#### What you should do
Use the entries below and reproduce exactly the lines from the one containing "4月27日,立讯精密盘中最高" down to the one containing "黑鸭子风暴方块饵料野钓鲢鳙野战江湖酸臭味疯暴慢翻板钩鱼饵猛料", both of them included.

#### Source data

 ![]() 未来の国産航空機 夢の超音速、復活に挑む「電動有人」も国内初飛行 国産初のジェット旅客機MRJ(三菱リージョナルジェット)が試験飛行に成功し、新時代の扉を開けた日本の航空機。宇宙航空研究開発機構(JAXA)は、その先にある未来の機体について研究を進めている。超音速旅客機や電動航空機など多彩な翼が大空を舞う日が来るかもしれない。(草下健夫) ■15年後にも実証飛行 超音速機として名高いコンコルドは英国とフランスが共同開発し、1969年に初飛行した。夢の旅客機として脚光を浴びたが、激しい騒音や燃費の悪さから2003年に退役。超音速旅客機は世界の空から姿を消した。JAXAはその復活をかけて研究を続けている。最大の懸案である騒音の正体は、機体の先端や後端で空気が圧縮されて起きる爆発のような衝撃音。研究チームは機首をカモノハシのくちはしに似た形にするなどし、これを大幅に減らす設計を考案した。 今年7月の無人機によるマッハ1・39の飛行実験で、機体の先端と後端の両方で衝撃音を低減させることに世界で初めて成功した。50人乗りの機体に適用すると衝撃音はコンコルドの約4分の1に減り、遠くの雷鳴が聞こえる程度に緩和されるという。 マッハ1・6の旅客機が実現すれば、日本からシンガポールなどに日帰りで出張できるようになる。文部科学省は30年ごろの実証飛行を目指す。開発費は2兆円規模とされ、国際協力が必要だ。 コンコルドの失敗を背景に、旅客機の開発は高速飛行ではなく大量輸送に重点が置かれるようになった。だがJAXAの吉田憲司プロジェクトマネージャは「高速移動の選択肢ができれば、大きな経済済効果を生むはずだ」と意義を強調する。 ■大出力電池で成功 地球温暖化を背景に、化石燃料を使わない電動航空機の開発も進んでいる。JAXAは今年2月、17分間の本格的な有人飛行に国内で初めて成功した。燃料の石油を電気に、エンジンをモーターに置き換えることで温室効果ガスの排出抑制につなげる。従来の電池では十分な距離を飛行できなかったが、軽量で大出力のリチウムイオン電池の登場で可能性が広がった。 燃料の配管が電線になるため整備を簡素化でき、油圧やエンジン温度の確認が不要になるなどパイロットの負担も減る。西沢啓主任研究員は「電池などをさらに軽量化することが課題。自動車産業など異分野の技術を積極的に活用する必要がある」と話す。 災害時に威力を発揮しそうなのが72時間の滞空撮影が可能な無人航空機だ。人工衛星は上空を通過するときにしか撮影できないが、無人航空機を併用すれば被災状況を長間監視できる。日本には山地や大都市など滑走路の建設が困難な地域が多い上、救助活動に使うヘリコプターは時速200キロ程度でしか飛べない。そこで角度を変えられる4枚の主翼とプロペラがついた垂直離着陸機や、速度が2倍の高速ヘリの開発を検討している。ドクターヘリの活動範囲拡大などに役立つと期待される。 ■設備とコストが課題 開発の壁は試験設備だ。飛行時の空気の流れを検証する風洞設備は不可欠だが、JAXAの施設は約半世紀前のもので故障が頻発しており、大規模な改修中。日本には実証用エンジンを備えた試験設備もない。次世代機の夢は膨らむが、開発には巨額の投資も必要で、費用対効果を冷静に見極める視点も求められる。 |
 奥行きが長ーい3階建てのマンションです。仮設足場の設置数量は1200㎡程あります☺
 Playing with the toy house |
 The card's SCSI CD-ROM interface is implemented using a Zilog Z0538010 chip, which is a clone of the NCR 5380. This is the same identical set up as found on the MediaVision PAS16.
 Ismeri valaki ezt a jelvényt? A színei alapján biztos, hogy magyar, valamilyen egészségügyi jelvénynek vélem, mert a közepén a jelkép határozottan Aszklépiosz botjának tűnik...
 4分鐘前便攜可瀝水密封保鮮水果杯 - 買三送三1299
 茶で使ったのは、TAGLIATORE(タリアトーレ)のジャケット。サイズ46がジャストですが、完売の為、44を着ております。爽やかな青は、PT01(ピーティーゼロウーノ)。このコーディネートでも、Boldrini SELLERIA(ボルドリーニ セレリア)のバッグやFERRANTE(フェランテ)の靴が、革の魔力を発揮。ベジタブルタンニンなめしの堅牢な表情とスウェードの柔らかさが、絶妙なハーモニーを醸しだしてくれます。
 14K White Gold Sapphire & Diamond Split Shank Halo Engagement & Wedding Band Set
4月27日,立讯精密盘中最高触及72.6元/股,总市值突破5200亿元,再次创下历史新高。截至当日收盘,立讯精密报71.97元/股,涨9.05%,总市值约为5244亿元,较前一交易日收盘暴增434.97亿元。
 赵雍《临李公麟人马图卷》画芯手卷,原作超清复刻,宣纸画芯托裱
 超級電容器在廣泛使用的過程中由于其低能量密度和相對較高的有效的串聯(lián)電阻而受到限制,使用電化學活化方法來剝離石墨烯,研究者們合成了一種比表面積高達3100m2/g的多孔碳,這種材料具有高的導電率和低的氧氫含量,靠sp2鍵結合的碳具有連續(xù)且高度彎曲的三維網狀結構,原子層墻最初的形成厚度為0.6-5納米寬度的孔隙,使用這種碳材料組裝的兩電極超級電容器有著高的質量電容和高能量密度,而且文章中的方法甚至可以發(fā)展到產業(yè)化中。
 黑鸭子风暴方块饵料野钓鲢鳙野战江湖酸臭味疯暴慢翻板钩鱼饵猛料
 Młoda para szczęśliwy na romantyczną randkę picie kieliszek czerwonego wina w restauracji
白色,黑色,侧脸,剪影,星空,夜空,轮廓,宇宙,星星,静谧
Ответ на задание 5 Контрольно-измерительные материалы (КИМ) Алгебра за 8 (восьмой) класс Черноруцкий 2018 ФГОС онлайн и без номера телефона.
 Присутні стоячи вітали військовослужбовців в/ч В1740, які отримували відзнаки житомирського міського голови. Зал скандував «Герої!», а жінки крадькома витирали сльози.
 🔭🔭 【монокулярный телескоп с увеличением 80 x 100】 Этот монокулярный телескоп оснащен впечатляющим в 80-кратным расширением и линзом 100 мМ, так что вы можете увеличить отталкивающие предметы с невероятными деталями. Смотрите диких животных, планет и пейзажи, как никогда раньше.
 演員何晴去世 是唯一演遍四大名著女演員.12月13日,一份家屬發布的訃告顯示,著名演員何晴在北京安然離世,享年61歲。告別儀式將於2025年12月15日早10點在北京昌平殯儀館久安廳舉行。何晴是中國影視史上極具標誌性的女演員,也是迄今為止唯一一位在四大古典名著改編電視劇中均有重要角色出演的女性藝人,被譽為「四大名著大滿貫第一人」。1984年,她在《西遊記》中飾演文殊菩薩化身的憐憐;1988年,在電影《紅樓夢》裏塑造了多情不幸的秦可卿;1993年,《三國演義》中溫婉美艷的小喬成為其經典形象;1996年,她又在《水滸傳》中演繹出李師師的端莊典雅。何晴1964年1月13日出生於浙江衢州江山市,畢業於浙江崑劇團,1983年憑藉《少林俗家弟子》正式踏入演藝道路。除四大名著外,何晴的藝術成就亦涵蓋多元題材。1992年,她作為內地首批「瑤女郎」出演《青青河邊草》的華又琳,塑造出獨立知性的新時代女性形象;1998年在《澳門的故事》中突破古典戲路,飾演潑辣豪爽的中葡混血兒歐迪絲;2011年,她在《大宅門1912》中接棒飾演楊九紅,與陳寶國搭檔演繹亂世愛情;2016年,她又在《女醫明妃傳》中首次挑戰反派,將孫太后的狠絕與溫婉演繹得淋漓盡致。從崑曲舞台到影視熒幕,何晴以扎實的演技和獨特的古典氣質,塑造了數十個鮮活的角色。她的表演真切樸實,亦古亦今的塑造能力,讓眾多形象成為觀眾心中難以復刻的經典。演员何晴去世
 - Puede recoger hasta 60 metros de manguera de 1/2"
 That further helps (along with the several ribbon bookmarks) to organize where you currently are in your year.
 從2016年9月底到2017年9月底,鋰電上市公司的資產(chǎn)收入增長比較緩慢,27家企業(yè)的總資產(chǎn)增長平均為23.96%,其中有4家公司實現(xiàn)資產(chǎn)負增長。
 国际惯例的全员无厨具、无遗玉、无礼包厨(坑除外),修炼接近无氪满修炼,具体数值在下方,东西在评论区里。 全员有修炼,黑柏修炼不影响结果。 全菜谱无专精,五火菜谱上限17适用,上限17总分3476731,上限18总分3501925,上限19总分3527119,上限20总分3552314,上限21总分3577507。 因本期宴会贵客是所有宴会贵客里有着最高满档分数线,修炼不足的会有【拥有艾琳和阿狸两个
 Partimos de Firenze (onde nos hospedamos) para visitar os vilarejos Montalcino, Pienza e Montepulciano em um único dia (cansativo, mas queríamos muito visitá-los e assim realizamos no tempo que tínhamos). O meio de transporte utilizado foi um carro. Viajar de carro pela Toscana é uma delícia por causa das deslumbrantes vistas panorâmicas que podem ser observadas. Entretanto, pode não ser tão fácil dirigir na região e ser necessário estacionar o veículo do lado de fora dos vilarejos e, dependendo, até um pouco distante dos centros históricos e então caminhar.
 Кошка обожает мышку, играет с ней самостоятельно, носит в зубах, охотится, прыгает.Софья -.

#### Answer to the problem
4月27日,立讯精密盘中最高触及72.6元/股,总市值突破5200亿元,再次创下历史新高。截至当日收盘,立讯精密报71.97元/股,涨9.05%,总市值约为5244亿元,较前一交易日收盘暴增434.97亿元。
 赵雍《临李公麟人马图卷》画芯手卷,原作超清复刻,宣纸画芯托裱
 超級電容器在廣泛使用的過程中由于其低能量密度和相對較高的有效的串聯(lián)電阻而受到限制,使用電化學活化方法來剝離石墨烯,研究者們合成了一種比表面積高達3100m2/g的多孔碳,這種材料具有高的導電率和低的氧氫含量,靠sp2鍵結合的碳具有連續(xù)且高度彎曲的三維網狀結構,原子層墻最初的形成厚度為0.6-5納米寬度的孔隙,使用這種碳材料組裝的兩電極超級電容器有著高的質量電容和高能量密度,而且文章中的方法甚至可以發(fā)展到產業(yè)化中。
 黑鸭子风暴方块饵料野钓鲢鳙野战江湖酸臭味疯暴慢翻板钩鱼饵猛料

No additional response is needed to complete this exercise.